Strong negative for this. Swifts "explicitness" is one of its core feature. Implicit control flow is chaos because it makes it harder to reason about the code itself. You simply can "forget" this function returns nil as a default value when debugging

This would align with how optionals work in Swift. For instance, if you declare an optional property and never assign any value to it, its default value is nil.

That's not quite true. Optionals are initialized with value of nil for the same reason Int is initialized with 0. So it would not be initialized "garbage", for safety.

This feature is present in Python, Ruby, Javascript, Lua and few other languages.

And in all of those languages control flow is a mess, especially in python and ruby

My proposal is only related to Closures with optional return value, your first example does not have optional return type.

Optional are kind of special since optional properties do have implicit value of nil set upon declaration.

I wouldn't mind at all getting nil instead of compile error in your second example.

Since you provided empty block, you would get what you write, my professor used to say: programming language won't read your mind :-)

I'm not sure what are you referring to, but yeah implicit nil value for optional properties is why I would like this idea implemented in first place. And yes, I do use this feature in other languages, and I do find it useful and logical.

My proposals is only about Closures (blocks) with optional return, omitting switch default case is cool idea, but its not within the scope of this proposal

To be honest I find this feature less evil in this regard than implicit return for one-liners. I think there were many more compromises needed to add such a language feature, and as well I understand all of the benefits.

Optional properties already have implicit default value of nil, I don't find it any more confusing if Closures with optional return type had implicit return nil.

How?
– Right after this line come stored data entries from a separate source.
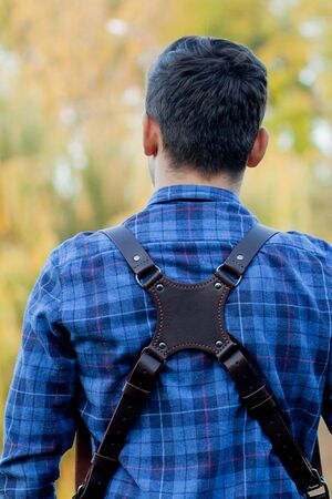 Young handsome man with beard wearing suspenders and posing on dark background.
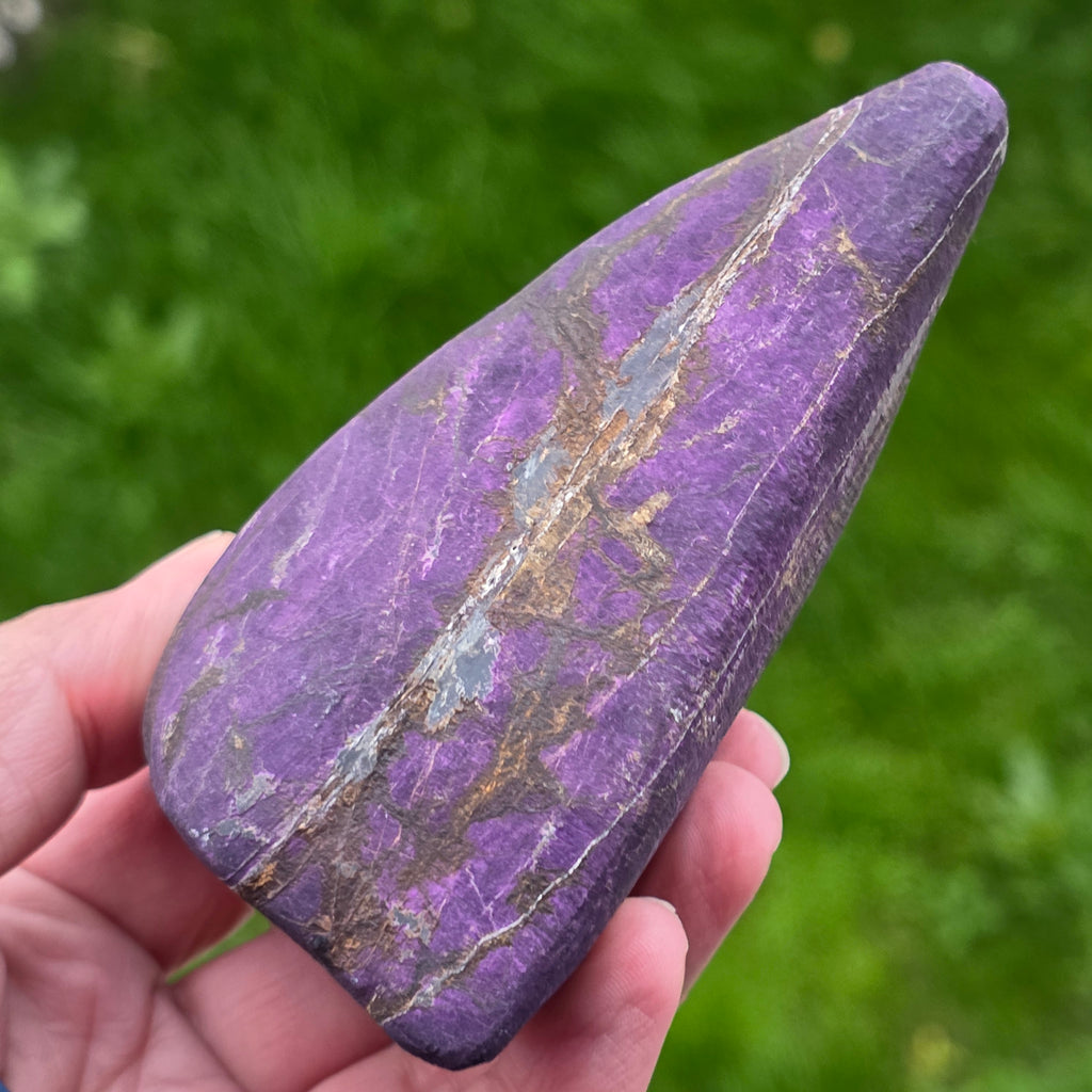 Purple is often associated with the development of spiritual consciousness, meditation and understanding of the deep self. This stone is said to support introspective qualities and stimulate creativity.
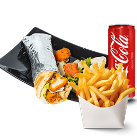 Escalope, sauce korma, salade, tomates, oignons + Frites + 1 Boisson 33cl au choix.
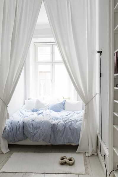 Некоторые считают, что кровать возле окна мешает поливать цветы, мыть стекла, вытирать пыль на подоконнике или раздвигать шторы. Решить эту проблему можно, разместив кровать на расстоянии 15-20 см от окна.

Implicit return for one liners is definitely a much simpler concept that an implicit return in a complex conditional structure.

Only if they are var, and even that is not great, in fact you can opt out of the thing entirely by specifying, for example, Optional<Int> instead of Int?.

Also, I fail to see the relationship between complicating and obscuring control flow with implicit returns, and the fact that var optionals are initialized with a default nil value.

Not commenting on the main idea but on the return type from if statements as expressions.

 // `else { nil }` can be implicit
let optional: T? = if let t { t } else if let otherT { otherT }

That's something the VerseLang has.

It would cover the example from the motivation at least:

var roleAndCompany: String? {
  if let role, let company {
    "\(role) @ \(company)"
  } else if let role {
    role
  } else if let company {
    "@ \(company)"
  }
}

That doesn't compile... (and I don't think it should).

This is better:

var roleAndCompany: String? {
    ...
    else {
        return // meaning the same as `return nil`
    }
}

Similar to how "return ()" is equivalent to "return" in Void functions.
Still -1 from me even in this form.

I didn't say it should compile. If you have a non exhaustive if expression, it's natural to implicitly transform its return type into an optional.

let number = if someCondition { 42 } // what's the return type?

Naturally it should be Int? as the else condition is not covered. It either has a value or not, which is what an Optional does.

We always have to answer the question: What does it enable us to do?

Aside from convenience here and there you could perform a flatMap like operation without the need to explicitly nil return every possible branch.

let transformedValue = if let nonOptional = value {
  if let otherThing = nonOptional.someOptional {
    transform(otherThing.value)
  }
}

// instead of
let transformedValue = if let nonOptional = value {
  if let otherThing = nonOptional.someOptional {
    transform(otherThing.value)
  } else {
    nil
  }
} else {
  nil
}

The else { nil } is just redundant boilerplate code for if expressions.

If we'd do the same for non exhaustive switch expression then we can omit default: nil to achieve the same.

let value = switch something { 
case .a:
  "a"
case .b:
  "b"
}

value is of type String? as we used a non exhaustive switch expression.

I personally think it's a natural extension for if and switch expressions, wether or not Swift will add those is a different story.

I found this example highly confusing, to even start comprehending what its "syntax optimised" version could be... what are you even trying to do here? I think you are mixing "if let x = ..." and "let x = if...". Please show the whole compilable example.

It's just something quick from the top of my head. Sorry if it confuses you. Also I'm not trying to do anything, it's just a hypothetical example, nothing more.

If I'm not mistaken the above could be rewritten as this:

let transformedValue = value
  .flatMap(\.someOptional)
  .map(\.value)
  .map(transform)

Assuming this is what you meant:

func transform() -> Int? { nil }
var condition1 = true
var condition2 = true

    let foo: Int? =
        if condition1 {
            if condition2 {
                transform()
            } else {
                nil
            }
        } else {
            nil
        }

where you want to write instead:

    let foo: Int? =
        if condition1 {
            if condition2 {
                transform()
            }
        }

Note that you could optimise it to a simpler:

let foo = (condition1 && condition2) ? transform() : nil